What is required
Please set down only the lines below starting with the line with "This is a smart" and going on through the line with "Dolce & Gabbana", verbatim and without pictures.

[[ Entries supplied, beginning ]]

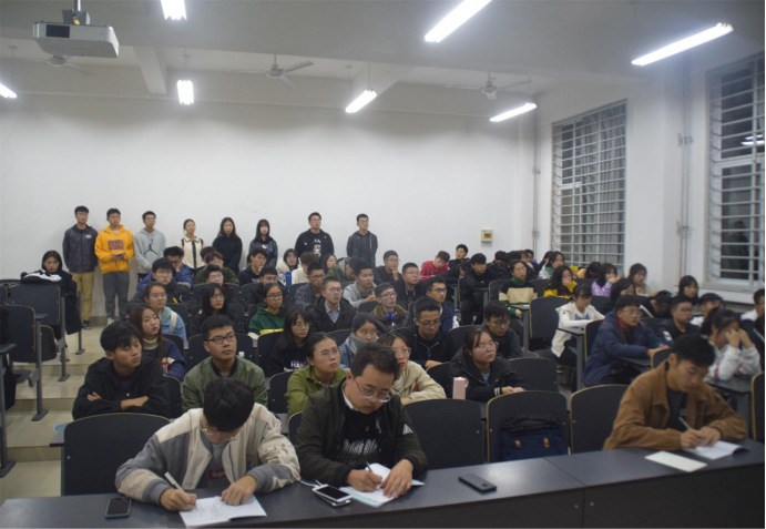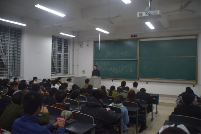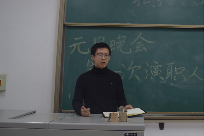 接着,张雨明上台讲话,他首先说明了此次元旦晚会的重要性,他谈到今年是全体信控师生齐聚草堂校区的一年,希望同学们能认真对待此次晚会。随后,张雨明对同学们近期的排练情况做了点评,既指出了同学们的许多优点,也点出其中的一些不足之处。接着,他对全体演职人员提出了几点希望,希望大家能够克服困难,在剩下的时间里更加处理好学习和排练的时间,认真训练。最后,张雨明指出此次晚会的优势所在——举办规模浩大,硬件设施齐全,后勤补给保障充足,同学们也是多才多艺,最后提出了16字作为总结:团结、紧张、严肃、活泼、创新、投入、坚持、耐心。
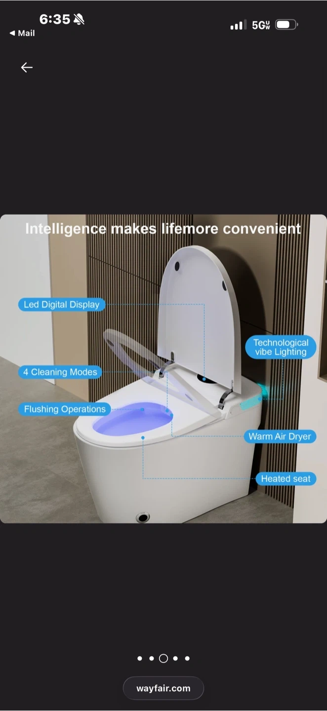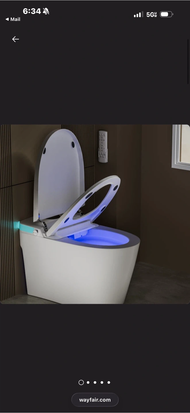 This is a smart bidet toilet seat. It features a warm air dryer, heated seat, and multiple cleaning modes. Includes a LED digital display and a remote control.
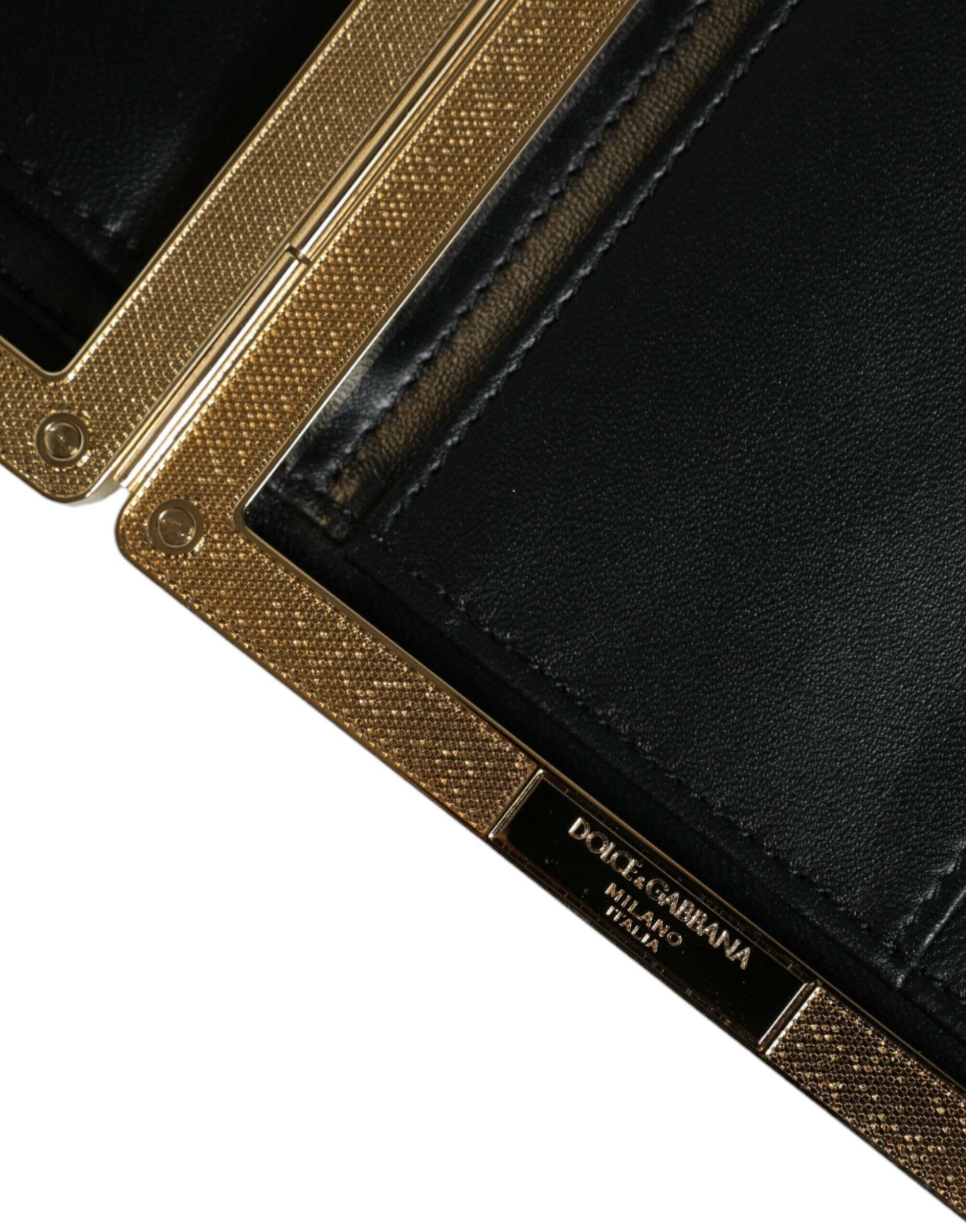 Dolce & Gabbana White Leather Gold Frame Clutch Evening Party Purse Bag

[[ Entries supplied, end ]]
[[ Entries supplied, beginning ]]

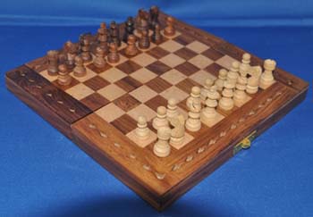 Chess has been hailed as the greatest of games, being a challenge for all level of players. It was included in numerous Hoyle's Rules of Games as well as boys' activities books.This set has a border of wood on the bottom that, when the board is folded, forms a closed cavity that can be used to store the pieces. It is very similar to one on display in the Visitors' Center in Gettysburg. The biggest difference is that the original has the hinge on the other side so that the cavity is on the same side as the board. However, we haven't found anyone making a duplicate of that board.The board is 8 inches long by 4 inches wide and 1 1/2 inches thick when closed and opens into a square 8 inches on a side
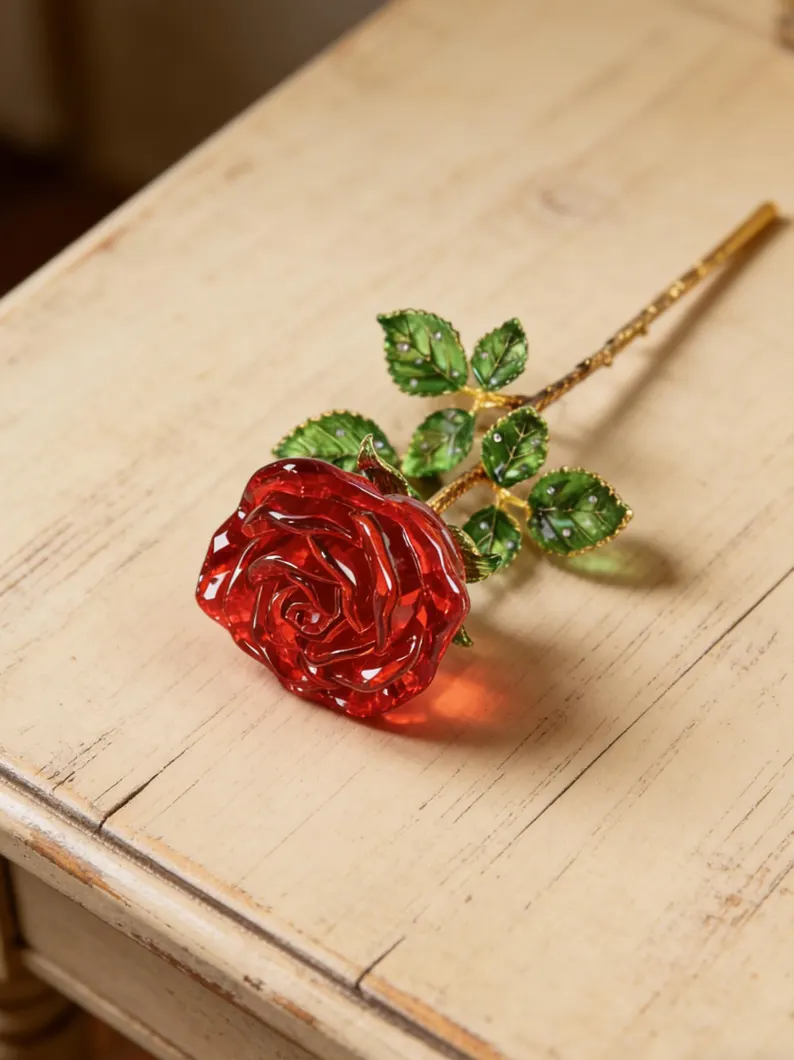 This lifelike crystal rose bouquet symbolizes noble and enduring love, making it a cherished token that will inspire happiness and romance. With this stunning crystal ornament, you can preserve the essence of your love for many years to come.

[[ Entries supplied, end ]]

Expected answer
 This is a smart bidet toilet seat. It features a warm air dryer, heated seat, and multiple cleaning modes. Includes a LED digital display and a remote control.
 Dolce & Gabbana White Leather Gold Frame Clutch Evening Party Purse Bag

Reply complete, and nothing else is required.